To enjoy these exclusive treasures you really have to be a member, or a guest, of one of the select groups that form part of what was once known as the British establishment--London's traditional clubs, such as the Garrick and the Carlton; a few banks and city houses; the Oxbridge colleges; the more traditional Army regiments; some professional institutions, and the city livery companies, descended from medieval trade guilds. Their cellars, stocked over the centuries, always with an eye to the future, are often extensive and always high quality, exclusively for their own enjoyment, and that of their favoured guests.

The emphasis is on traditional, serious clarets, burgundies, and ports, bought at cost price from fine wine dealers for "laying down" until the wine matures. Edward Cottrell, general manager of Justerini and Brooks, Mayfair-based wine dealers which supplies many private cellars, said: "Although we do sell some what we call 'drinking Claret' for serving now, most of those who buy for such places are not buying wines they will drink themselves, but for future generations. And they will be drinking wine bought perhaps 10 or even 20 years ago."

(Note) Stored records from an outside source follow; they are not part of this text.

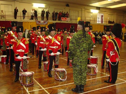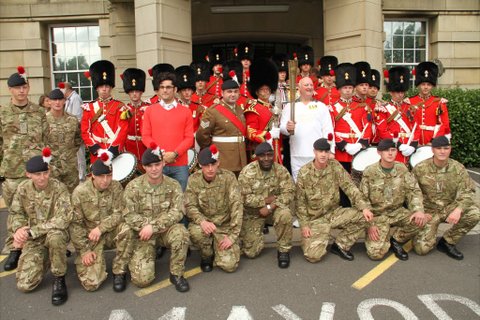 Olympic Torch. The Regiment was invited by Bury Council to play a part in the reception of Olympic Torch when it came through Bury. The opportunity to execute a recruiting surge was seized 1RRF and as a consequence the Drums Platoon was despatched to Bury to support the local team. After eight weeks in Canada and no leave, the home team really did appreciate what the 1RRF Drums contributed to the event. Stationed at the Town Hall, they did a superb job entertaining the crowd and providing a reception party for the Torch. It goes without saying that they attracted considerable media attention and were first class ambassadors for the Regiment. It so happened that a couple were getting married in the Town Hall as the torch arrived and as the married couple emerged they were confronted by the Olympic Torch and the Drums, a frightening prospect at the best of times. The Drum Major ever the opportunist volunteered the Drums to play at the wedding reception with a repeat performance for the Mayor of Bury and her guests. In addition to the 1st Battalion Corps of Drums, the regimental family in Bury played a part with Fusilier Cadets lining the route through Bury and volunteers from the Fusilier Band entertaining the crowds outside the Parish Church.
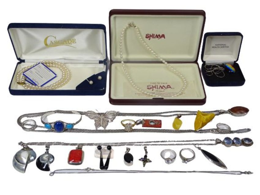 STERLING, 925 & OTHER MODERN JEWELLERY GROUP - a rainbow type pendant necklace in National Health Service box, silver muff chain with amber type silver mounted pendant drop, 74cms overall L, other semi-precious stone set jewellery including four CZ set sterling silver rings, cased simulated pearls and pendants, ETC
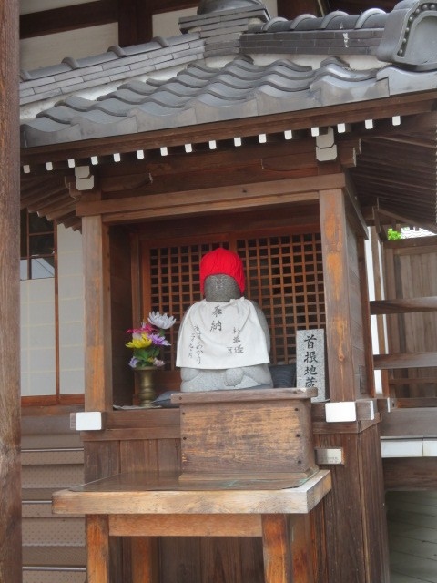 清水寺の仁王門のすぐ下に、地蔵院善光寺堂があります。そこにおられるのが首振り地蔵様です。赤い帽子に赤いヨダレかけがトレードマークとなっていたみたいですが、コロナの流行下で、マスク代わりなのかヨダレかけが白になっていました。お顔だちが何とも可愛らしいです。

As traditions fade a bit, the maintainance of private cellars, which were once the norm, has declined too. The really big cellars belong to the 12 original livery companies of the City of London, and to the Oxbridge colleges. Among the livery companies, the best cellars are maintained by the Vintners, which represents the wine trade, the Goldsmiths, and the Fishmongers. The cellars are used for regular entertaining. Each of the livery companies host monthly dinners for the masters and clerks of the other companies, as well as numerous other ceremonial occasions.

The Goldsmiths, first chartered in 1327, have a fine collection of ports dating back to 1948, but have recently sold some off at auction because drinking port has become less popular. Most of the private cellars sell excess wine to raise funds for buying future wines at cost, when it is released.

A representative of the Goldsmiths, which keeps around 800 cases, said the grander the occasion, the better the wine served. "We have 18 bottles of Madeira dating from 1835, when our hall was built, which is not something we open very often. But some of our older members still ask when they will get the chance to taste it."